Analyze this meeting transcript and provide:
1. A concise summary of key points
2. Action items with responsible parties
3. Important decisions made
Transcript: {transcript}
Format with clear sections:
## Summary
## Action Items
## Decisions Made
"""
# Prepare the payload using the Messages API format
payload = {
"model": "your-qwen-endpoint-name", # Use the name of your endpoint
"messages": [{"role": "user", "content": prompt}],
"max_tokens": 1000,
"temperature": 0.7,
"stream": False
}
# Headers for chat completions
chat_headers = {
"Accept": "application/json",
"Content-Type": "application/json",
"Authorization": f"Bearer {HF_TOKEN}"
}
# Make the request
response = requests.post(SUMMARIZATION_ENDPOINT, headers=chat_headers, json=payload)
response.raise_for_status()
# Parse the response
result = response.json()
return result["choices"][0]["message"]["content"]

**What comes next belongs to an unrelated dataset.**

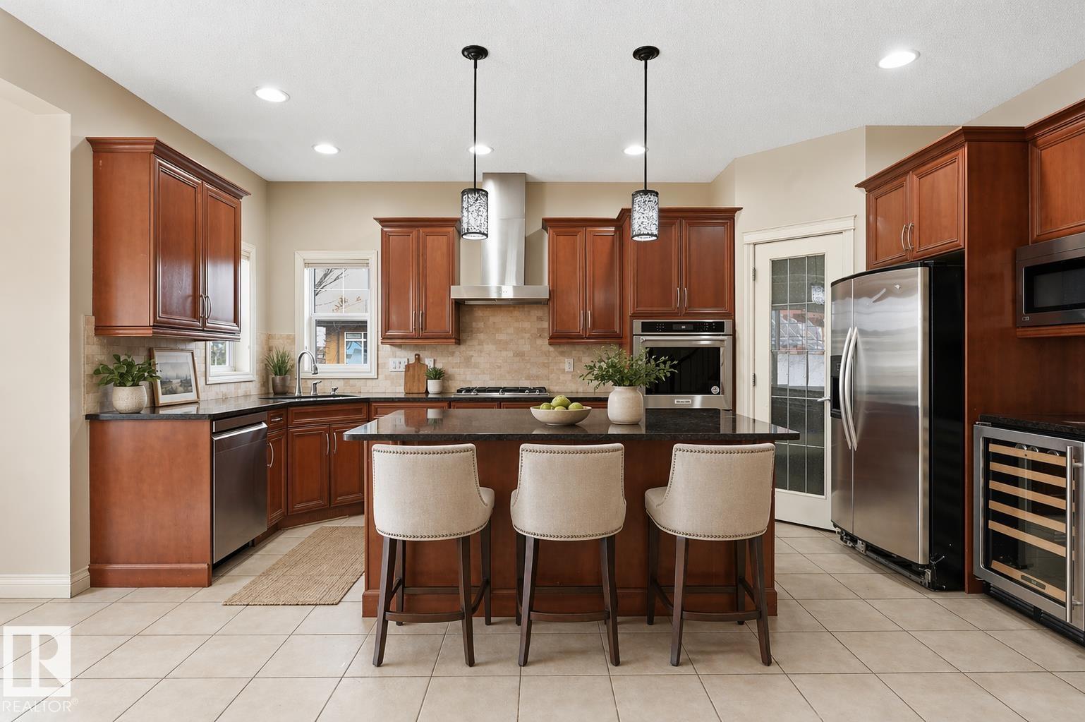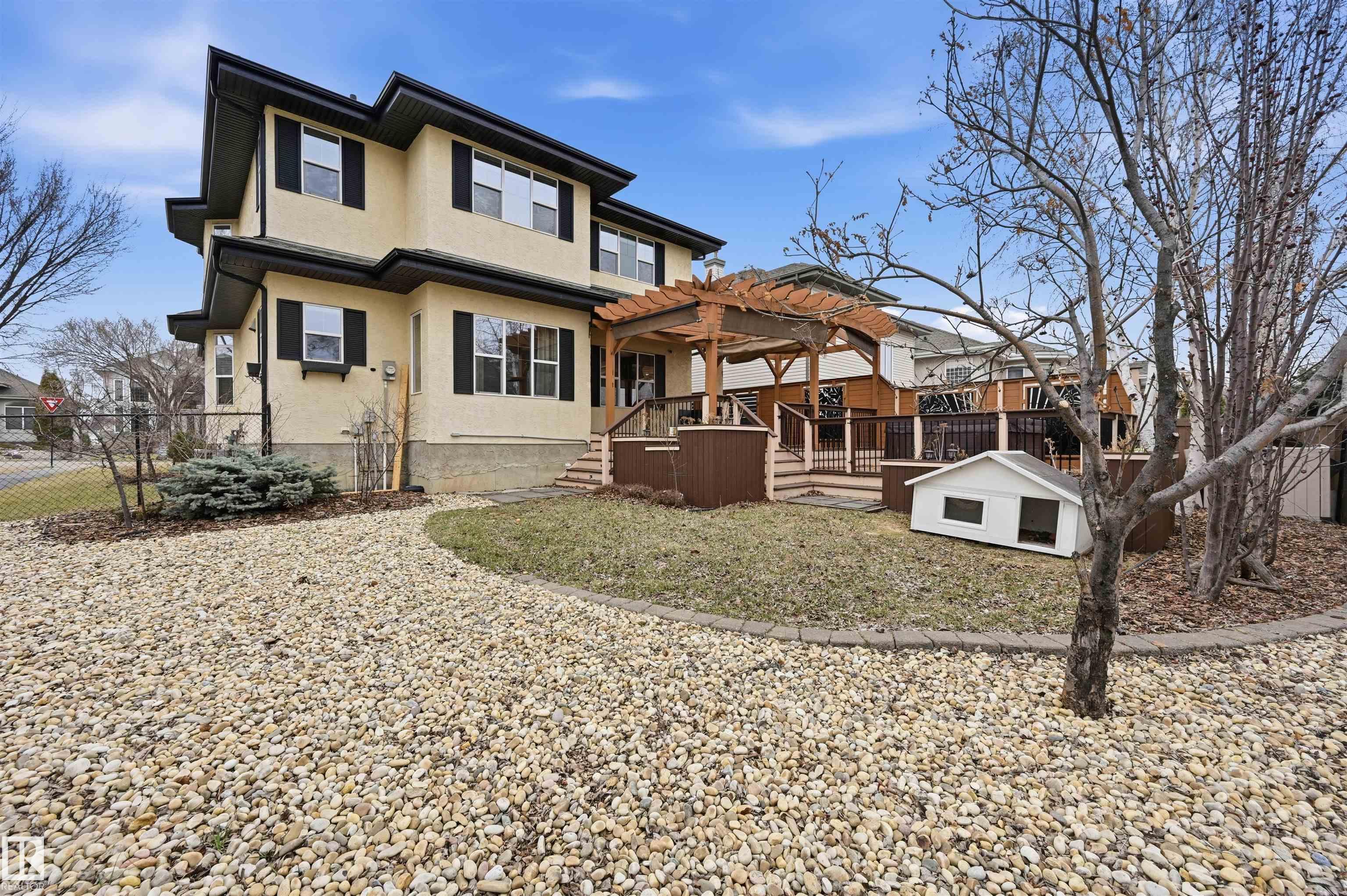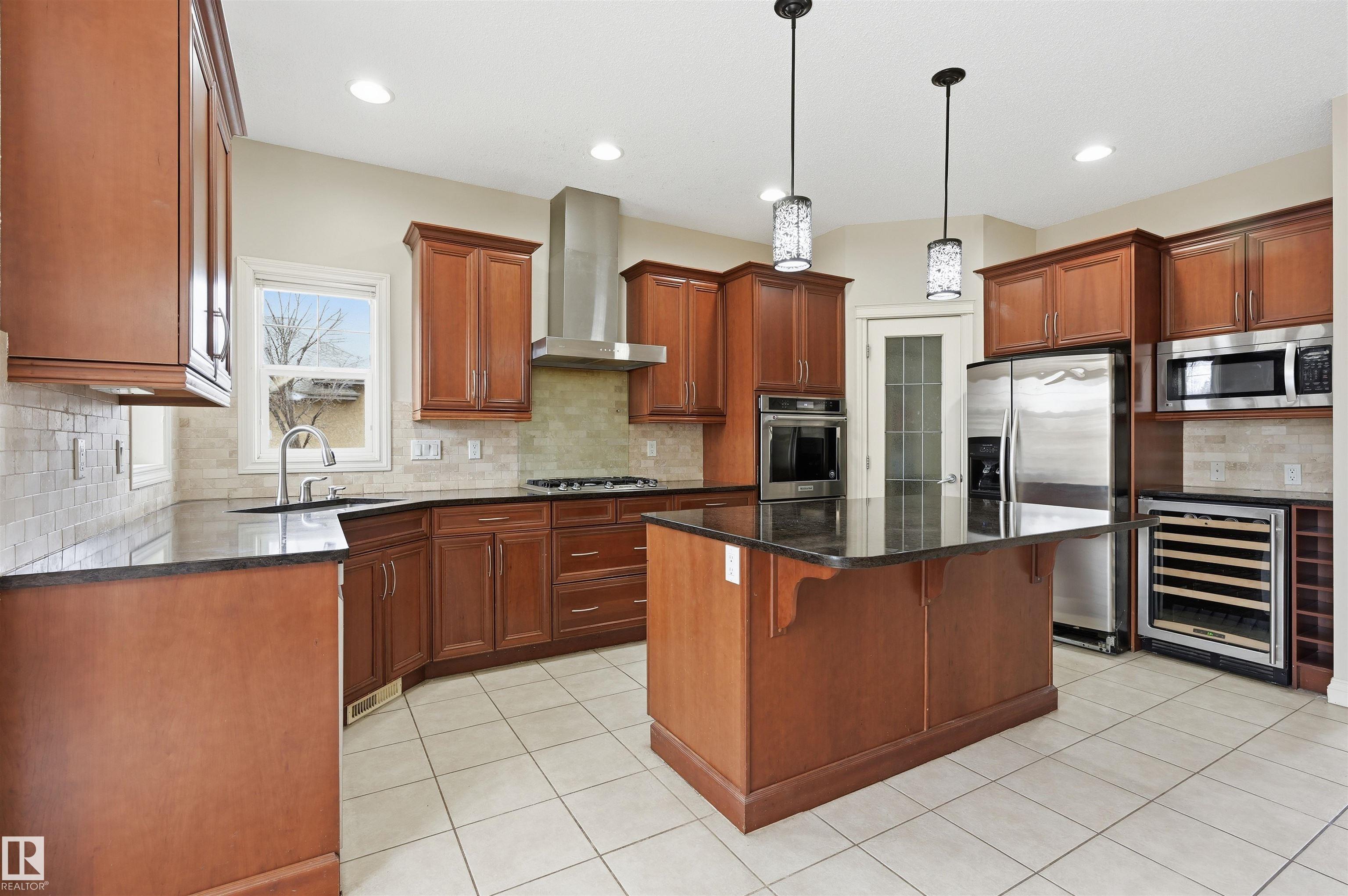 Desirable SW Hodgson corner lot. Nestled across from Hodgson Wetland Park & just steps to Whitemud Creek Ravine. PROFESSIONALLY PAINTED April 2026. Grand vaulted foyer w/ plenty of natural light & large office (or bdrm) upon entrance. Kitchen features stainless steel appliances (Kitchen Aid wall oven/Dacor stove) & walk-in pantry. Cozy living rm w/ gas fireplace. Main level complete w/ 3PC BTHRM & spacious mudrm w/ laundry. Upstairs boasts a huge bonus room, 2 spare bdrms & spacious primary retreat w/ ensuite & walk-in closet. Basement finished w/ 4th bdrm, full bthrm, rec space & flex area. This corner lot offers partial park views from the yard + has plenty of deck space to enjoy w/ pergola & hot tub. Cozy front porch & oversized garage w/ SIDE ENTRANCE. Features: 9' ceiling, hot water on demand & AC. Great school designations & proximity to Hodgson Park & ravine walking trails. Terwillegar Rec Centre, transit & easy access to major arteries. Plus shopping & dining at nearby neighborhood squares!

def process_meeting_audio(audio_file):
"""Main processing function that handles the complete workflow"""
if audio_file is None:
return "Please upload an audio file.", ""
try:
# Step 1: Transcribe the audio
transcript = transcribe_audio(audio_file)
# Step 2: Generate summary from transcript
summary = generate_summary(transcript)
return transcript, summary
except Exception as e:
return f"Error processing audio: {str(e)}", ""
# Create Gradio interface
app = gr.Interface(
fn=process_meeting_audio,
inputs=gr.Audio(label="Upload Meeting Audio", type="filepath"),
outputs=[
gr.Textbox(label="Full Transcript", lines=10),
gr.Textbox(label="Meeting Summary", lines=8),
],
title="🎤 AI Meeting Notes",
description="Upload audio to get instant transcripts and summaries.",
)
if __name__ == "__main__":
app.launch()
Deploy your transcription app
Now, let’s deploy it to Hugging Face Spaces so everyone can use it!
- Create a new Space: Go to huggingface.co/new-space
- Choose Gradio SDK and make it public
- Upload your files: Upload
app.py
and any requirements - Add your token: In Space settings, add
HF_TOKEN
as a secret - Configure hardware: Consider GPU for faster processing
- Launch: Your app will be live at
https://huggingface.co/spaces/your-username/your-space-name
Your transcription app is now ready to handle meeting notes, interviews, podcasts, and any other audio content that needs to be transcribed and summarized!
Next steps
Great work! You’ve now built a complete transcription application with intelligent summarization.
Here are some ways to extend your transcription app:
- Multi-language support: Add language detection and support for multiple languages
- Speaker identification: Use a model from the hub with speaker diarization capabilities.
- Custom prompts: Allow users to customize the summary format and style
- Implement Text-to-Speech: Use a model from the hub to convert your summary to another audio file!